4. Whilst OpenAPI and OpenTelemetry are concerned with two different domains, there are already touchpoints/areas of common interest between the two (e.g. the traceparent, tracestate, and X-Request-ID headers).

Related Work/Issues

#4330 requested an x-sensitive-data field and suggested some excellent approaches for redacting sensitive data.

My loggability: DO_NOT_LOG field would behave similarly to @cristigirbovan's full masking proposal:

    x-sensitive-data: 
        mask: full

Both of our suggestions would seek to completely eliminate specified fields from logs, but the difference is that my
loggability: DO_NOT_LOG field isn't specific to sensitive data - it's for any field that we explicitly don't want to log.

Whilst their proposal focuses on known sensitive data (and the most effective ways to redact it), my proposal
is focused on logging in general (including attributes that aren't sensitive). Realistically, our proposals are complimentary
since my proposal focuses on when to log attributes, and theirs focuses on how to log [known sensitive] attributes.

Hypothetically, our proposals could be combined into one overarching spec change that governs logging and redaction as
a whole. For example:

    merchantTransaction:
      type: object
      description: Information about a purchase from a store
      required:
        - fullCardNumber
        - merchantID
        - amount
      properties:
         fullCardNumber:
          type: string
          description: A full 16 digit card number.

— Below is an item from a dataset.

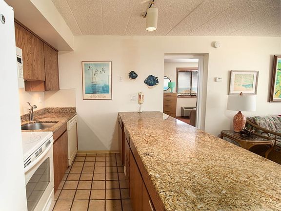 PREMIUM THIRD FLOOR SOUTH SIDE UNIT AT THE WHITEBRIER CONDIMINIUMS. Enjoy breathtaking ocean views to the east and south as well as big sky western sunset views from the fabulous, oversized wraparound sundeck. Enjoy fabulous views from each room in the unit. The comfortable living area has an open floor plan with updated kitchen, custom oak cabinets, wonderful entertaining peninsula bar and stone countertops. The cozy living room has a large sofa upholstered with Italian designer fabric and dining area with one of a kind, cut and leaded glass custom lamp and beautiful custom screen door with transom. The two bedrooms are completely private from one another. Master bedroom has an ensuite bath while the second bedroom has an adjacent hall bath. The fabulous wraparound deck has 2 motorized awnings as well as a beautiful set of solid teak deck furniture. The well run association has on site management. Common area features include a fabulous new oceanfront swimming pool & spa, gorgeous club room, elevator, ample off-street parking, laundry facilities on each floor and a large storage locker for each unit owner. The unit has one of the best locations in the building, close proximity to town and a wonderful protected beach.

We only output it for DEBUG/TRACE logs, and when we do log it, we redact everything but the last 4 digits.
          logging:
            loggability: DEBUG
            sensitive-data:
               mask: regex
               pattern: "^[\d]{12}"
         merchantID:
          type: string
          logging:
             loggability: INFO
          description: The ID of the merchant where the transaction was made.
         amount:
            type: integer
            description: An int-based representation of the transaction amount. We don't want to log this because it could be commercially sensitive.
            logging:
               loggability: DO_NOT_LOG

The above sample shows my proposal in conjunction with @cristigirbovan's x-sensitive-data proposal. Both of our
proposed fields have been centralised under the logging field, the x- prefix has been removed, and I'm using my DO_NOT_LOG in lieu of mask: full.